Figure 1 Chest X-ray: Left hilar widening (arrow).
Figure 2 Chest computed tomography scan (scale W500:L50): Soft tissue window.
Axial (A) and coronal (B, C) views: Superior mediastinal widening secondary to numerous lymphadenopathies (arrows) and a left hilar mass.
Figure 3 Chest computed tomography scan (scale W500:L50): Pulmonary windows.
Axial view: Bilateral lung miliary pattern (arrows) with little bilateral pleural effusion.
Figure 4 Course of haemoglobin, leucocytes and viral load during and after antiviral treatment.
Attendance to the emergency unit, tuberculosis diagnosis and start of therapy are shown according to time. TB: Tuberculosis.

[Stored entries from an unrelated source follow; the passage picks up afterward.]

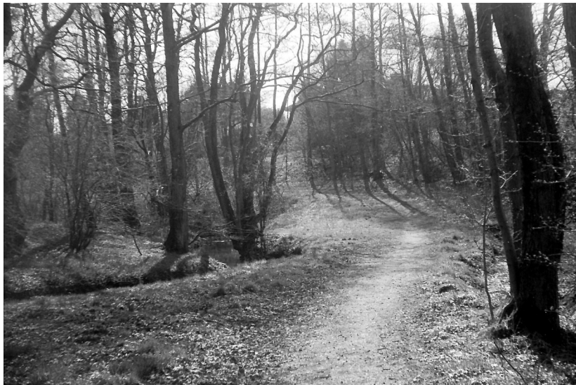
Astrup Bæk : Ilford FP4, Kodak D-76, Canoscan, Paint Shop Pro

Brugtprisen på Ebay for de første typer er efter min mening generelt for høj, de sælges på deres sjældenhed og udseende.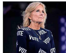
SE CREE que Jill Biden es una de las que podría convencer al Presidente.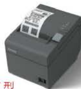
超值型 TM-T82II 熱感式電子發票收據印表機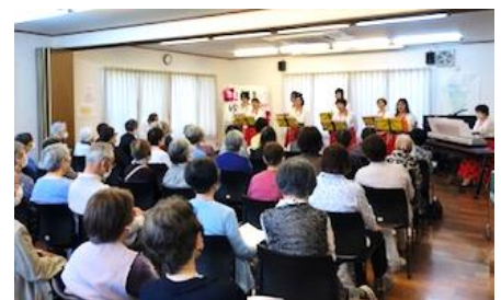
布施新町ふるさとセンター 歌と寸劇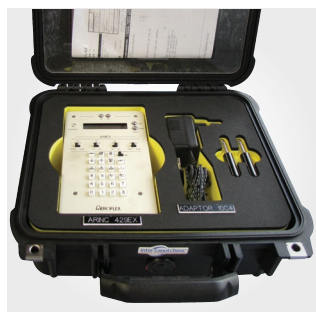
Mallette matériel électronique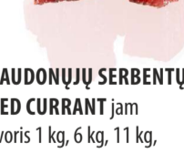
RAUDONŲJŲ serbentų džemas RED CURRANT jam Svoris 1 kg, 6 kg, 11 kg Galojimas 6 mėn. / 6 months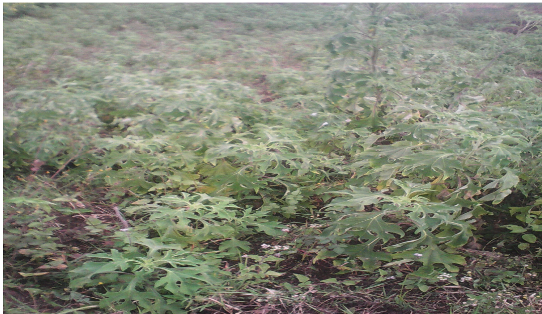
Fig. 1. Tithonia diversifolia en végétation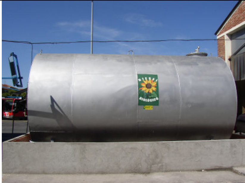
Tanque de biodiésel

En España, las principales materias primas para la fabricación de biodiésel son los aceites usados, la colza y el girasol.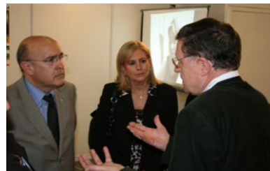
Març 2011 (INFARMA). Reunió del Banc Farmacèutic d'Itàlia, Portugal i Espanya amb els Col·legis de Farmacèutics de Madrid i Barcelona. Contacte amb l'actual Conseller de Sanitat de Catalunya Boi Ruiz.

Tuberculosis, caused by Mycobacterium tuberculosis, is a worldwide health problem, remaining as the leading cause of death from infectious diseases. It is estimated that 30% of the global population hosts TB in its latent form, which can be reactivated with the presence of several factors, such as aging, smoking, alcohol use, diabetes, chronic renal failure, cancer, a weakened immune system, glucocorticoids or tumor necrosis factor-α inhibitors use. Furthermore, miliary tuberculosis form, has only been described in immunocompromised hosts, especially in patients with underlying T-cell deficiencies such as HIV infection. The classic presenting symptoms of pulmonary TB include persistent fever, weight loss, drenching night sweats, persistent cough (often with sputum production), and hemoptysis; whilst extra-pulmonary TB can affect any organ with a wide variety of symptoms, and therefore requires a high index of clinical suspicion. Without treatment, TB has a mortality rate of 50% within 5 years. Various cell types and cytokines are crucial: T cells (CD4+, CD8+, and natural killer) and macrophages participate in protection against TB, and interferon-α and tumor necrosis factor-α (TNF-α) are essential cytokines for the control of acute TB infection.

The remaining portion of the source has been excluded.